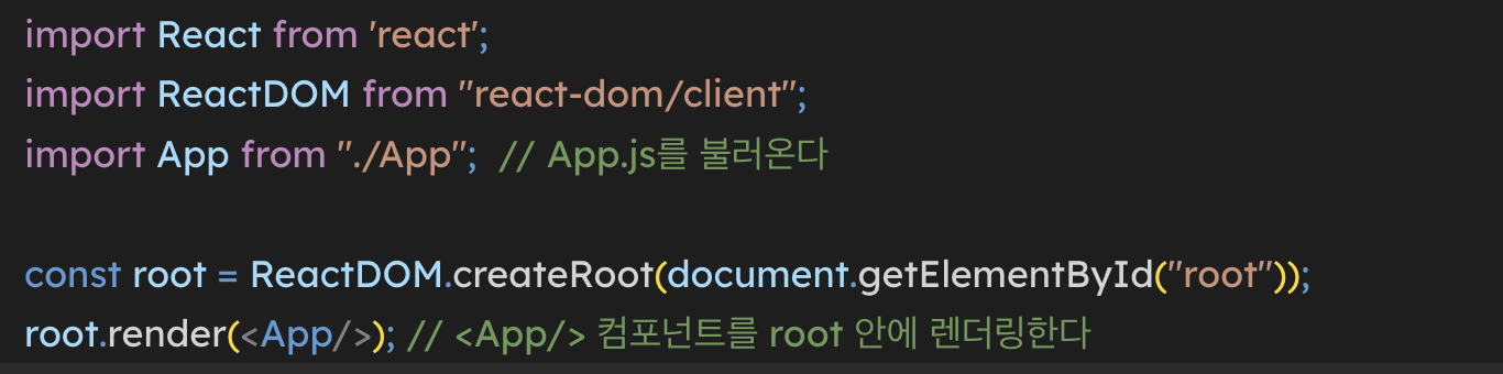 이곳에서 리액트가 렌더링 될 것이다. 다시 말하면 id = "root"인 <div> 안에 리액트 컴포넌트가 들어올 것!
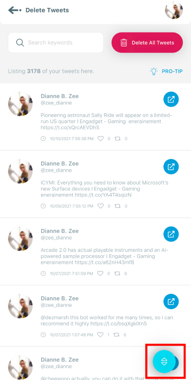 Step #5: Voila! Here, all your tweets, including retweets and replies, are displayed. There's no cap on the number; even if you have over 3,200 tweets, they'll appear here, allowing you to bulk delete them in a single click!
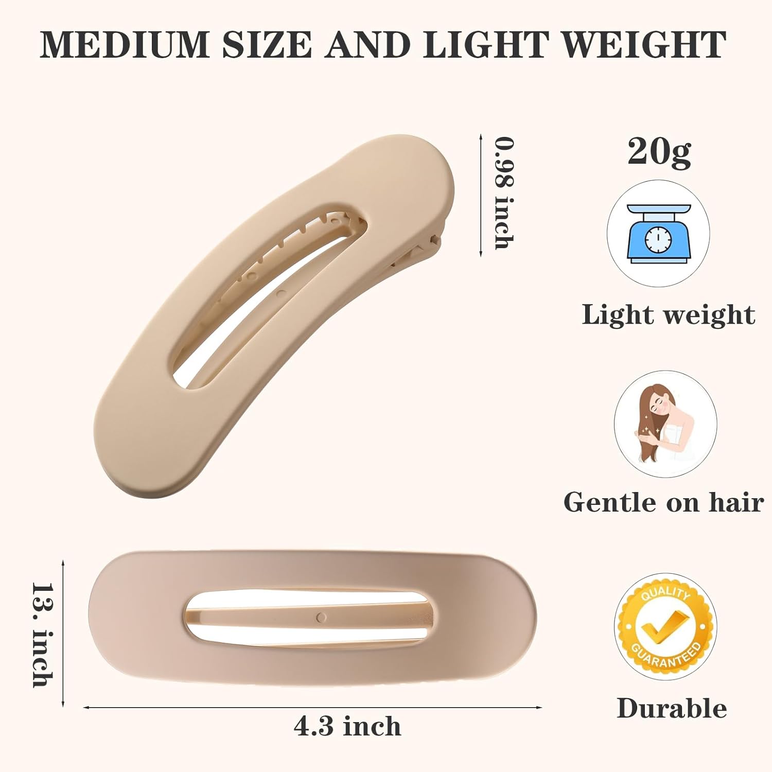 - Size&Colors:The flat hair clips size is 4.3*1.3 inches, they are lightweight and portable to carry for travel,each claw clips set comes in 5 matte colors and you can choose different colors to match different outfits, the mate hair clips also fits perfectly with your purse bag clutch
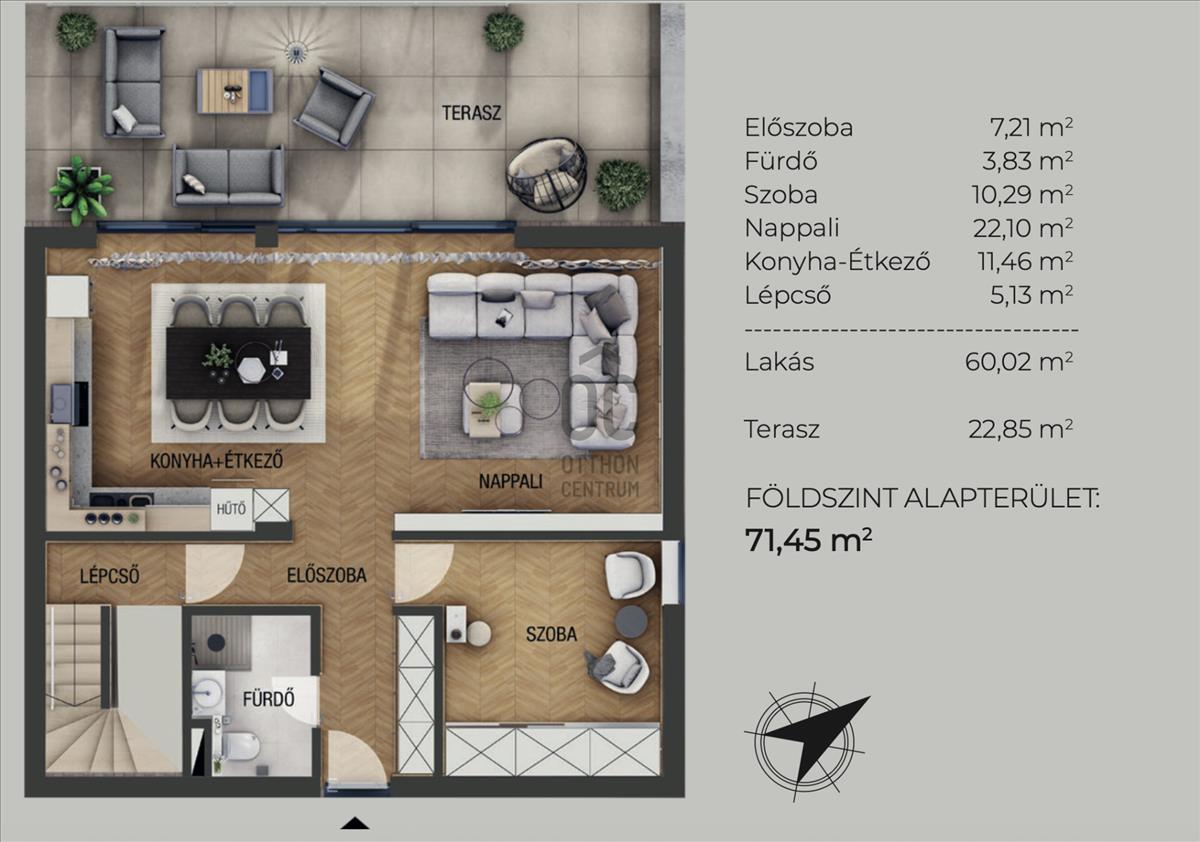 Alapterület: 100 m² ( bruttó 121, 85 m² ) (Földszint: 71, 45 m² + Emelet: 50, 40 m²)
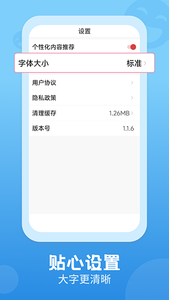 为用户提供大号字体贴心设置,通过大号字体的显示来让用户查看文字更清晰。
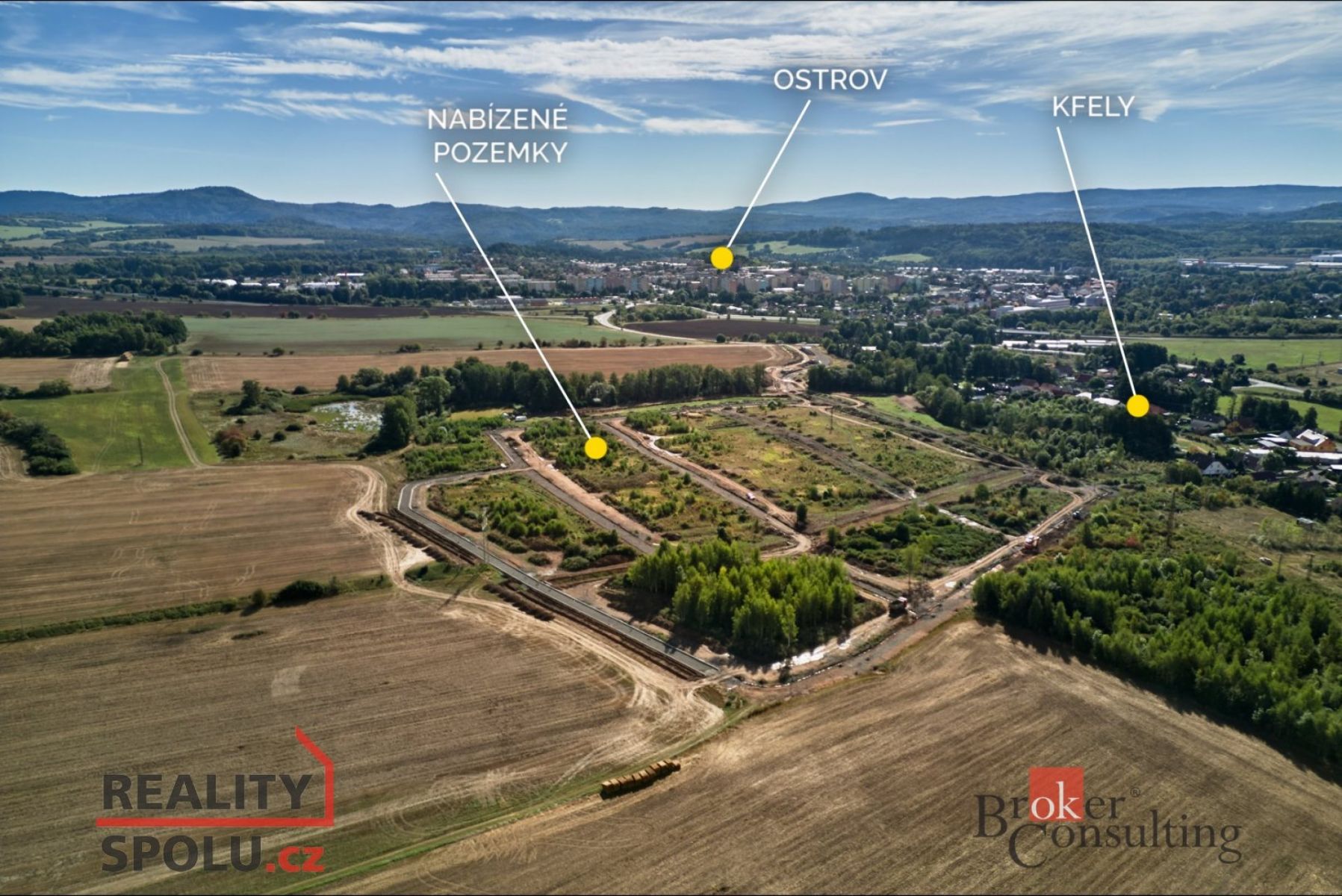 Nabízíme Vám stavební pozemky v obci Kfely u Ostrova, které leží v nádherné přírodě na úpatí Krušných hor. Zde vzniká nový projekt zahrnující celkem 48 stavebních pozemků, které spojují klid venkova s výbornou dostupností do města. Projekt je rozdělen do dvou etap první fáze nabízí 43 pozemků v katastru obce Kfely, které jsou k dispozici již nyní, a druhá fáze zahrnuje 5 pozemků v katastru města Ostrov, jejichž nabídka bude aktuální v průběhu roku 2026. Pozemky budou kompletně zasíťované, na jejich hranici bude přivedena elektřina, voda, plyn i tlaková kanalizace. Územní plán umožňuje výstavbu rodinných domů v kategorii čistého bydlení se dvěma nadzemními podlažími a obytným podkrovím. Velkou výhodou je, že zastavitelnost není limitována konkrétním procentem, což přináší vysokou flexibilitu při plánování a návrhu domu přesně podle vašich představ. Samotné pozemky jsou rovinaté, dobře orientované a umístěné v klidné části mezi městem a přírodou, což zajišťuje maximální pohodlí i kvalitu života. V tomto projektu máte možnost využít dotaci od města Ostrov ve výši 150.000 Kč na koupi pozemku a 150.000 Kč na výstavbu rodinného domu. Jedinečnou přidanou hodnotou je blízkost Krušných hor. V dojezdové vzdálenosti několika minut se nachází oblíbené lyžařské areály Klínovec, Plešivec či Boží Dar, desítky kilometrů běžkařských tras včetně Krušnohorské magistrály vedoucí až do Německa, a také množství cyklostezek a turistických cest. Samotná lokalita má výbornou dostupnost město Ostrov je vzdálené pouhých 3-5 minut, krajské město Karlovy Vary 15 minut a lázeňský Jáchymov 10 minut jízdy. Díky dálnici R6, která se postupně dokončuje, se navíc výrazně zkracuje dojezdová doba směrem na Prahu. V blízkosti nechybí kompletní občanská vybavenost, školy, školky, zdravotní péče, obchody, sportovní a kulturní zařízení. Samotná obec je obklopena zdravým prostředím, čistým vzduchem a nabízí působivé výhledy na panorama Krušných hor. Tato kombinace přírody, pohodlného zázemí a skvělé dopravní dostupnosti činí z projektu jedinečnou příležitost jak pro trvalé bydlení, tak i pro stavbu rekreačního domu. Pro bližší informace o dostupných parcelách a možnostech prodeje nás neváhejte kontaktovat. S financováním Vám rádi pomůžeme.

-.-.-

HOW TO COMPLETE THIS TASK:
Word for word, restate all of the material above except its pictures.

RESPONSE:
 이곳에서 리액트가 렌더링 될 것이다. 다시 말하면 id = "root"인 <div> 안에 리액트 컴포넌트가 들어올 것!
 Step #5: Voila! Here, all your tweets, including retweets and replies, are displayed. There's no cap on the number; even if you have over 3,200 tweets, they'll appear here, allowing you to bulk delete them in a single click!
 - Size&Colors:The flat hair clips size is 4.3*1.3 inches, they are lightweight and portable to carry for travel,each claw clips set comes in 5 matte colors and you can choose different colors to match different outfits, the mate hair clips also fits perfectly with your purse bag clutch
 Alapterület: 100 m² ( bruttó 121, 85 m² ) (Földszint: 71, 45 m² + Emelet: 50, 40 m²)
 为用户提供大号字体贴心设置,通过大号字体的显示来让用户查看文字更清晰。
 Nabízíme Vám stavební pozemky v obci Kfely u Ostrova, které leží v nádherné přírodě na úpatí Krušných hor. Zde vzniká nový projekt zahrnující celkem 48 stavebních pozemků, které spojují klid venkova s výbornou dostupností do města. Projekt je rozdělen do dvou etap první fáze nabízí 43 pozemků v katastru obce Kfely, které jsou k dispozici již nyní, a druhá fáze zahrnuje 5 pozemků v katastru města Ostrov, jejichž nabídka bude aktuální v průběhu roku 2026. Pozemky budou kompletně zasíťované, na jejich hranici bude přivedena elektřina, voda, plyn i tlaková kanalizace. Územní plán umožňuje výstavbu rodinných domů v kategorii čistého bydlení se dvěma nadzemními podlažími a obytným podkrovím. Velkou výhodou je, že zastavitelnost není limitována konkrétním procentem, což přináší vysokou flexibilitu při plánování a návrhu domu přesně podle vašich představ. Samotné pozemky jsou rovinaté, dobře orientované a umístěné v klidné části mezi městem a přírodou, což zajišťuje maximální pohodlí i kvalitu života. V tomto projektu máte možnost využít dotaci od města Ostrov ve výši 150.000 Kč na koupi pozemku a 150.000 Kč na výstavbu rodinného domu. Jedinečnou přidanou hodnotou je blízkost Krušných hor. V dojezdové vzdálenosti několika minut se nachází oblíbené lyžařské areály Klínovec, Plešivec či Boží Dar, desítky kilometrů běžkařských tras včetně Krušnohorské magistrály vedoucí až do Německa, a také množství cyklostezek a turistických cest. Samotná lokalita má výbornou dostupnost město Ostrov je vzdálené pouhých 3-5 minut, krajské město Karlovy Vary 15 minut a lázeňský Jáchymov 10 minut jízdy. Díky dálnici R6, která se postupně dokončuje, se navíc výrazně zkracuje dojezdová doba směrem na Prahu. V blízkosti nechybí kompletní občanská vybavenost, školy, školky, zdravotní péče, obchody, sportovní a kulturní zařízení. Samotná obec je obklopena zdravým prostředím, čistým vzduchem a nabízí působivé výhledy na panorama Krušných hor. Tato kombinace přírody, pohodlného zázemí a skvělé dopravní dostupnosti činí z projektu jedinečnou příležitost jak pro trvalé bydlení, tak i pro stavbu rekreačního domu. Pro bližší informace o dostupných parcelách a možnostech prodeje nás neváhejte kontaktovat. S financováním Vám rádi pomůžeme.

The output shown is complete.